=== Records provided ===

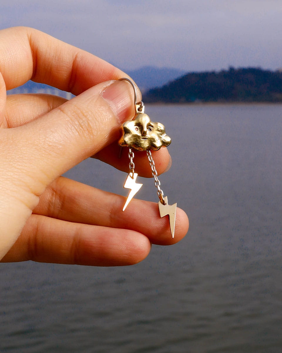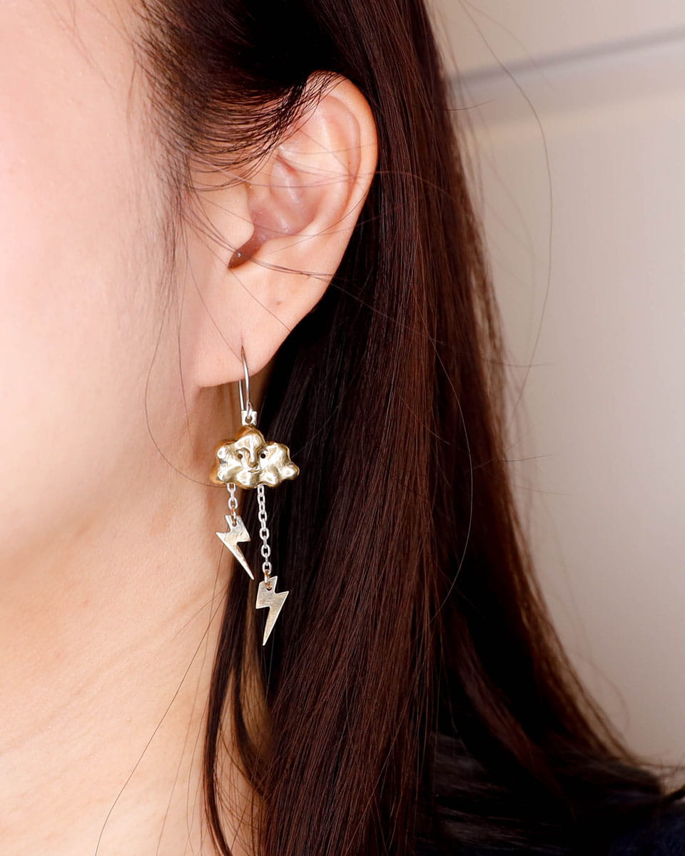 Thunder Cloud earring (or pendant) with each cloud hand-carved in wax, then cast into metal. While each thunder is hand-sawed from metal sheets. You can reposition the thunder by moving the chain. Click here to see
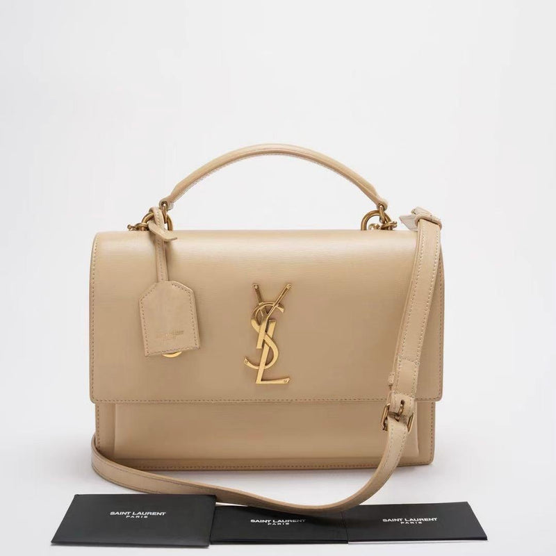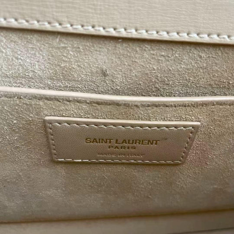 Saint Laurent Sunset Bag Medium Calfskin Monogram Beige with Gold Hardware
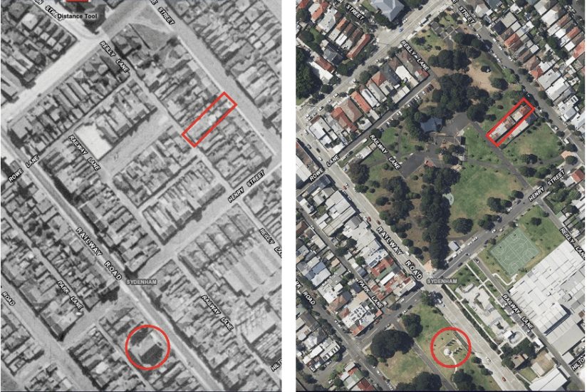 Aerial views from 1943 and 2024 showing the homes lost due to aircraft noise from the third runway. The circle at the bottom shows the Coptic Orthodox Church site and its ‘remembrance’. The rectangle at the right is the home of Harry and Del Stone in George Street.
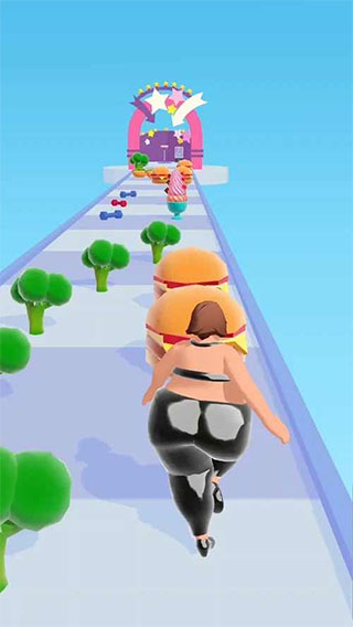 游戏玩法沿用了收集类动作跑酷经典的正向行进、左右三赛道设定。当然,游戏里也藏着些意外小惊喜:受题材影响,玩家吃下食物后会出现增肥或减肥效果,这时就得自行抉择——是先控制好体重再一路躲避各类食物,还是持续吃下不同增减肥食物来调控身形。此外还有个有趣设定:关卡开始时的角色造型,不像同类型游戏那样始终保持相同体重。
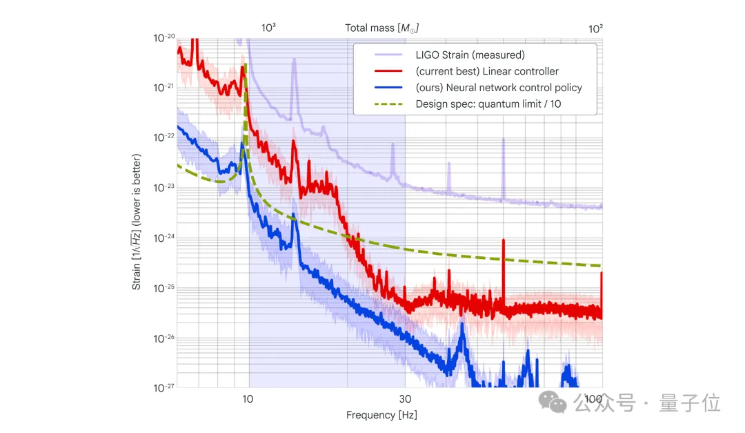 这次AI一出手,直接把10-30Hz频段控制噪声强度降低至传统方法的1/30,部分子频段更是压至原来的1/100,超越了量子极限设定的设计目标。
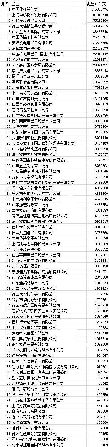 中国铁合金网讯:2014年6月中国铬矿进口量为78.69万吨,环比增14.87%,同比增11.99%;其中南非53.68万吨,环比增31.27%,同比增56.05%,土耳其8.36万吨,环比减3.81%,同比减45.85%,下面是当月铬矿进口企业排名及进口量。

===

**How to complete this task:**
Your answer should hold only the lines from the line with "这次AI一出手,直接把10-30Hz频段" through the closing line of the records, restated exactly and free of pictures.

**Your response:**
 这次AI一出手,直接把10-30Hz频段控制噪声强度降低至传统方法的1/30,部分子频段更是压至原来的1/100,超越了量子极限设定的设计目标。
 中国铁合金网讯:2014年6月中国铬矿进口量为78.69万吨,环比增14.87%,同比增11.99%;其中南非53.68万吨,环比增31.27%,同比增56.05%,土耳其8.36万吨,环比减3.81%,同比减45.85%,下面是当月铬矿进口企业排名及进口量。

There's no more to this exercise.